E foi essa a opção de Cabo Camata, deputado estadual, candidato derrotado ao Palácio Anchieta e ex-prefeito de Cariacica. As palavras dele, na já longínqua década de 1990, no entanto, não soam tão diferentes da verborragia na linha "bandido bom é bandido morto" exibida em pleno 2019 na mesma Casa. Que o diga o deputado Capitão Assumção, que ofereceu R$ 10 mil a quem matar o suspeito de cometer um assassinato.

Camata levou a retórica às últimas consequências, acusado de vários assassinatos e condenado por contrabando de armas. A postura de "xerife" frente a uma população assustada com a violência urbana, no entanto, fez sucesso. Em 1994, ele disputou o governo do Estado contra nomes já consolidados ou em franca ascensão e chegou ao segundo turno contra Vitor Buaiz (então filiado ao PT).

A eleição foi conturbada. Buaiz venceu com apoio amplo de diversas forças políticas, até de Fernando Henrique Cardoso (PSDB), diante da campanha de Camata, que já havia, inclusive, pertencido aos quadros tucanos.

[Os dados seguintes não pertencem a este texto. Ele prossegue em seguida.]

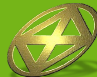
Lichtmatrix Technológia felhasználásával

Szalagfüggöny-, szőnyeg-, kárpittisztítás és épülettakarítás. Magánszemélyeknek és cégeknek egyaránt.
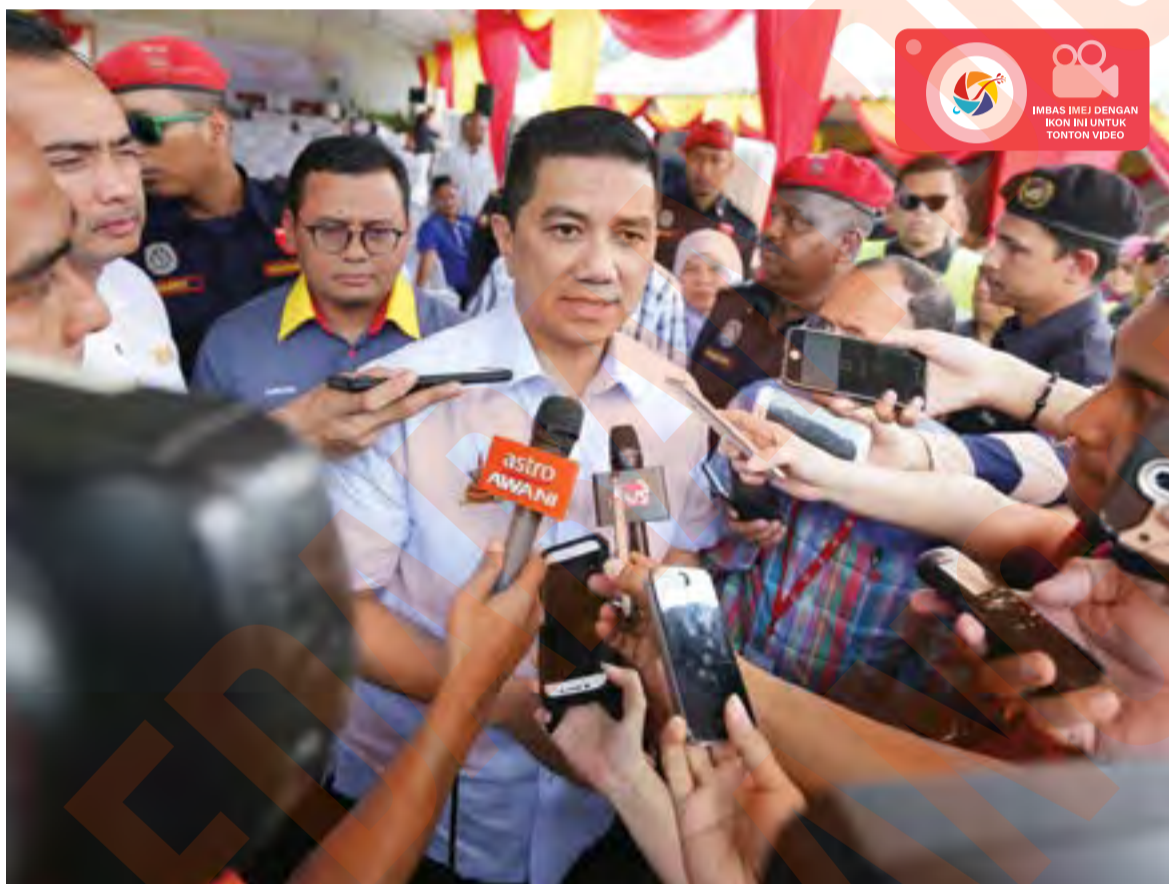
Mohamed Azmin ditemui pemberita ketika Majlis Pecah Tanah Rumah Selangorku Idaman PKNS, di Kampung Seri Temenggung, pada 17 April lalu

Dois anos depois, Cabo Camata elegeu-se prefeito de Cariacica. A gestão foi marcada por denúncias de corrupção e greves. Ele morreu em um acidente de carro, no ano 2000, na BR 101 Norte. 

DISCURSOS

"O cabo Camata surge na política do Espírito Santo como presidente da Associação de Cabos e Soldados da Polícia Militar (e depois foi expulso da corporação), no final dos anos 1980. Teve uma passagem histriônica pela Assembleia, fazia aquelas falas tipo essa do Capitão Assumção", lembra o cientista político João Gualberto Vasconcellos

"A candidatura dele ao governo do Estado era muito improvável, mas cresceu durante a campanha. Fez uma campanha totalmente voltada ao combate à violência e com base no que hoje se chama de fake news. E com pouco dinheiro. Mas as pessoas gostavam de ver o programa eleitoral dele, achavam engraçado", complementa.  

Cabo Camata, quando prefeito de Cariacica, em 2000. (Fabio Vicentini/Arquivo)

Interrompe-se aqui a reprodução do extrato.